Recent years have witnessed a considerable interest in the study of formation motion problems for multi-agent systems. In nature, formation motion widely exists in both the macrocosm and the microcosm, ranging from the movement of celestial bodies to electron motion, and from animal’ s flocking or schooling behavior to biological cell movement. Inspired by these natural phenomena, researchers have developed some important methods to realize the formation of a group of agents, such as robots, unmanned airborne vehicles (UAVs), and so on.

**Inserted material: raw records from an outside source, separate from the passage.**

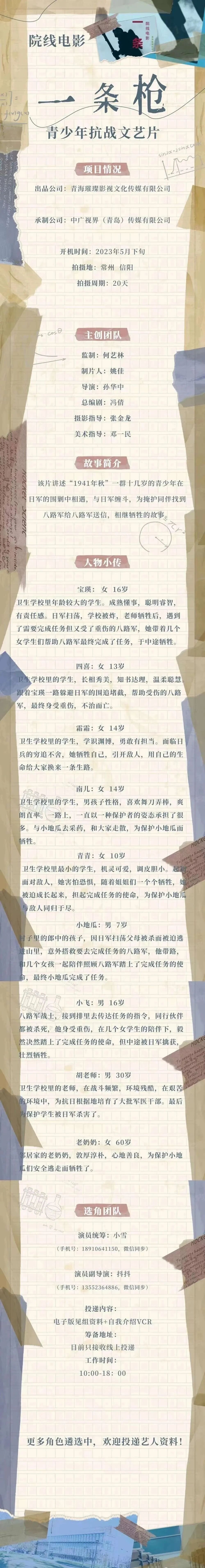 剧中还有大量角色,全国各地演员老师皆可投递资料,欢迎各位老师踊跃报名!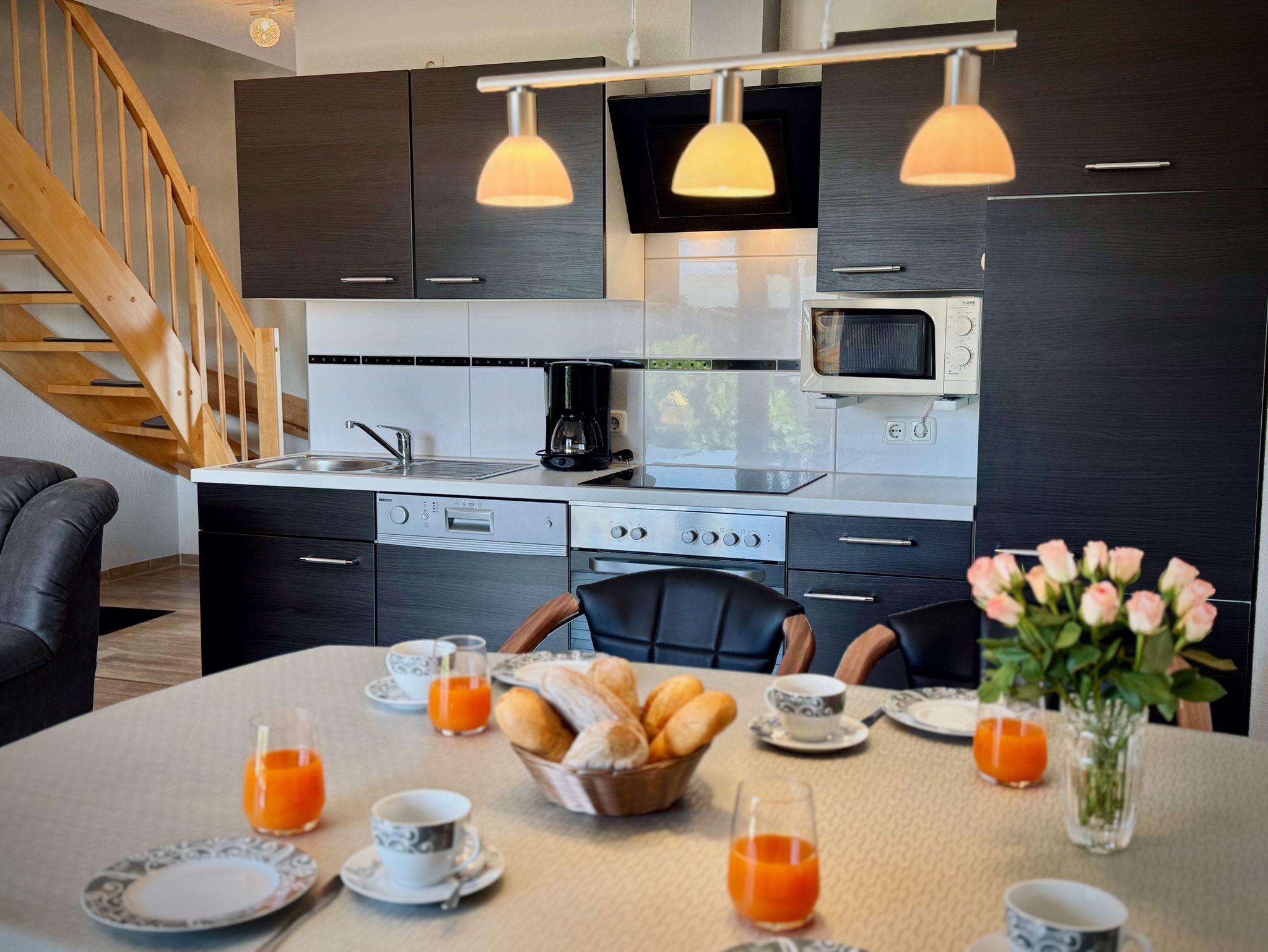 Die Ferienwohnung Nico ist eine 50 m² große, modern ausgestattete Wohnung. Im Obergeschoss befindet sich 1 Schlafzimmer mit Doppelbett und einem Einzelbett, (Babybett kostenfrei möglich). Im Erdgeschoss befinden sich der Wohn- und Kochbereich sowie das Bad mit Dusche/WC. Das Wohnzimmer ist mit Couchgarnitur, TV u. Radio ausgestattet. Der Kochbereich besteht aus einer Einbauküche mit Geschirrspüler, Backofen, Kühlschrank mit Gefriermöglichkeit, Kaffeemaschine, Wasserkocher, Toaster und Mikrowelle sowie einem Essbereich. Die Terrasse ist mit Sitzmöbeln ausgestattet, im Garten befindet sich eine Sitzecke mit Grillmöglichkeit. Ein PKW-Stellplatz und Unterstellmöglichkeit für Fahrräder sind auf dem Grundstück vorhanden. Bettwäsche, Geschirrhandtücher, Nebenkosten, Endreinigung und WLAN sind im Preis inklusive. Handtücher bringen Sie bitte mit. Die Ferienwohnung ist eine Nichtraucherwohnung, Haustiere sind nicht erlaubt.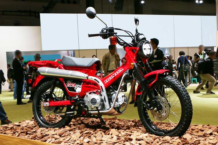 ホンダブースでひときわ高い注目を集めていたのは、世界初公開となる、「スーパーカブ」シリーズをベースとしたコンセプトモデル「CT125」。排気量(125cc)からすると、ベースとなった車両は「スーパーカブ C125」と思われるが、オフロード向きのタイヤにアップタイプのマフラーが装備されたその姿は、今でもファンの多い「ハンターカブ」と呼ばれた「C110」を思い起こさせる。同シリーズにはハンターカブのテイストを採り入れた「クロスカブ50/110」も存在し、林道を走れる性能を有しているものの、マフラーがダウンタイプなため、サードパーティー製のアップタイプに交換するユーザーも多い。その点、C125が備えているマフラーはアップタイプ。さらに、エンジンが岩などにぶつからないようにガードが装備されていたり、タイヤとフェンダーのクリアランスを大きく取ることで泥詰まりを起こりにくくしていたりと、本格的なオフロードを走れそうな造形が随所に施されている。その完成度はかなりのもので、同会場にいた筆者知人にも「このまま発売されるなら買う!」と言っている者が複数いたほどだ。ぜひ、このままの姿で販売してもらいたい。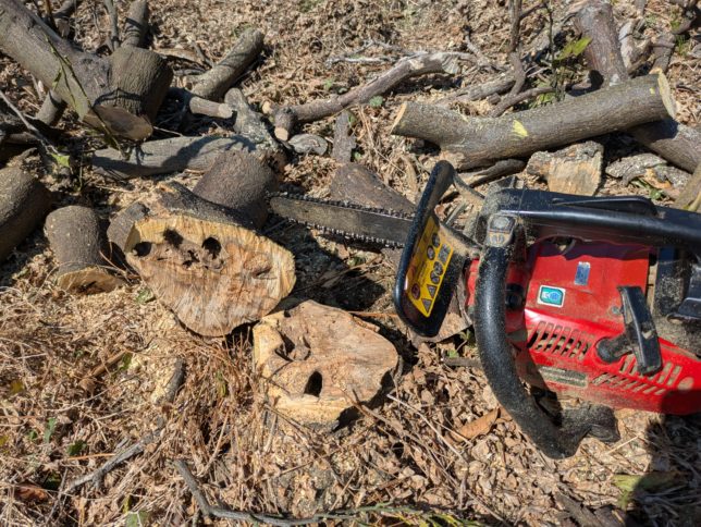 そのあとは和田地区の南柑20号園地の老木の伐採作業。午前中に3本伐採。あと一本残った。伐採した根元の切り口がこちら。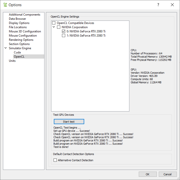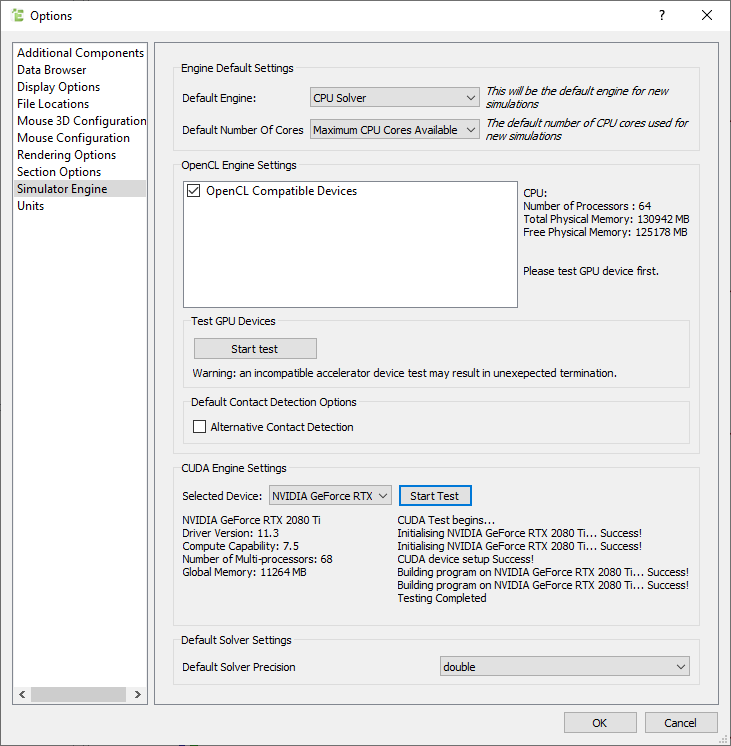 EDEM GPU OpenCL engine requires your GPU device to support OpenCL 1.2 or above. To check hardware compatibility with the GPU, go to Tools > Options > Simulator Engine > OpenCL and select the GPU’s from the list and then select Start test. As shown, EDEM will report if the test and GPU setup is successful. If multiple GPU devices are found, a test should be run on each GPU device required to run EDEM.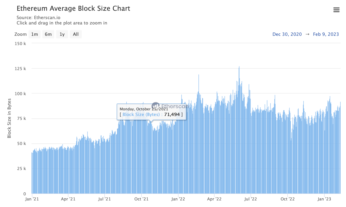 Soon after this uptick in gas limit took place, we can see that the block size rose initially as the demand that was priced out of the market was able to get soaked up.

In many situations the formation motion problem can be regarded as a kind of consensus problem. Numerous studies have been conducted on formation motion problems.^{[1– 15]} For example, article^{[16, 17]} shows that animal formation motion requires the individuals to stay together so as to avoid predators or forage feed. As a matter of fact, in many cases, some agents achieve and maintain a desired formation by cooperating with others; however, some agents might collaborate while others oppose. As in Ref. [18], a bipartite consensus control algorithm for every agent to reach their own consensus as well as form two adversary group is proposed. Although there are many results on the formation motion for agents with an allied relationship, ^{[19– 27]} only a few results are obtained on formation motion for agents with allied/adversary relationships. When white blood cells go after invaders, they besiege the invaders rapidly through allied/adversary formation once they find the invaders’ position. Inspired by such biological formation motion, in this paper a new formation motion problem is first proposed for multi-agents with antagonistic interactions. On the one hand, each agent achieves a several-group antagonistic formation and each group is opposed with another. On the other hand, agents in allied groups collaborate with each other.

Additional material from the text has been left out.